Table of contents
- The Basics of the Internet
- How Data Moves
- Understanding OSI Model: Breaking Down Internet Communication (7 Layers)
- Understanding the TCP/IP Model: A Practical Approach (4 Layers)
- How Data Travels Across The Internet?
- OSI Model Vs TCP/IP Model
- Role of IP Address, MAC Address, and DNS
- Conclusion: Why Understanding the Internet Matters
The best way to understand networking is by learning how the internet works. The internet is a magical place where we access endless information, connect with people worldwide, and use apps that make life easier. But how exactly does it all work?
In this blog, we’ll break down how the internet works, focusing on key networking concepts like the OSI model and the TCP/IP model, and how they make it all possible.
The Basics of the Internet
Before we dive into the technical layers, let’s understand the internet’s basic concept. The Internet is a vast network of interconnected devices (computers, smartphones, servers, etc.) that communicate to transfer data. When you browse a website, watch a video, or send an email, data is sent across the internet in small chunks called data packets. These packets travel through various devices, routers, and networks, eventually reaching the right destination.

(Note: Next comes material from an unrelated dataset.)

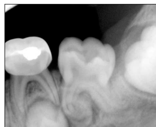
Fig. 11. After 9 months.

So, the internet is a huge network that helps devices communicate and deliver required information. It works with the help of a web of cables made of optical fiber through which data is transferred.
Refer to the Submarine Cable Map for a clear idea of the world's major submarine cable systems.
How Data Moves
Data is divided into packets: Every information sent over the Internet is broken down into small chunks called packets.
Routing the packets: As the packets travel, routers guide them through different networks based on the IP addresses they are targeting.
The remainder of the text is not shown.